HP CEO: Cooling His Heels in an Undisclosed Location?
Larry Ellison is dying to force Leo Apotheker to testify in the Oracle-SAP trial, but HP's CEO is nowhere to be found.
There's no lost love between these two companies and the last thing Hewlett-Packard wants is for its newly-appointed CEO - and, coincidentally, former SAP boss - to get smacked around by a Oracle hostile attorney. Oracle claims that SAP plundered password-protected Oracle websites, dealing it a $2 billion blow. (SAP has already announced that it won't contest allegations that it contributed to copyright infringement via a defunct third-party support unit TomorrowNow.)
Ellison would like nothing more than to give his attorneys a shot at Apotheker. When HP hired Apotheker, Ellison publicly ridiculed the appointment, writing to the Wall Street Journal that he was "speechless" after learning of the decision. "HP had several good internal candidates," he wrote. "But instead they pick a guy who was recently fired because he did such a bad job of running SAP."
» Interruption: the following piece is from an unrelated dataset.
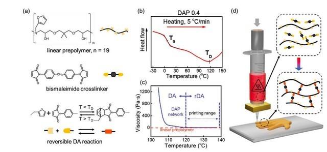 該團(tuán)隊進(jìn)一步測試了其DAP網(wǎng)絡(luò),將具有不同機(jī)械性能的不同交聯(lián)密度進(jìn)行匹配,以創(chuàng)建具有機(jī)械失配界面的零件。使用多個注射器擠出機(jī),用三種不同的材料對對象進(jìn)行3D打印,每個擠出機(jī)都有一個單獨(dú)的DAP。簡要壓力測試表明,該組件比使用常規(guī)FDM聚合物材料生產(chǎn)的零件具有更高的強(qiáng)度。

So is it any surprise that Apotheker is not to be found? According to a statement put out by Oracle:
"Hewlett Packard has refused to accept service of a subpoena requiring Mr. Apotheker to testify about his role in SAP's illegal conduct," the company said. "Mr. Apotheker started work for HP on Monday, but it now appears that the HP Board of Directors has decided to keep him away from HP's headquarters and outside the court's jurisdiction."
Not to be deterred, Oracle says its battalions of subpoena servers intend to get their man.
"We will continue to try to serve him," says Oracle.
Don't hold your breath, counters HP.
"Oracle had ample opportunity to question Leo during his sworn deposition in October 2008 and chose not to include him as a live trial witness until he was named CEO of HP," an HP spokesperson said in a statement. "Given Leo's limited knowledge of and role in the matter, Oracle's last-minute effort to require him to appear live at trial is no more than an effort to harass him and interfere with his duties and responsibilities as HP's CEO."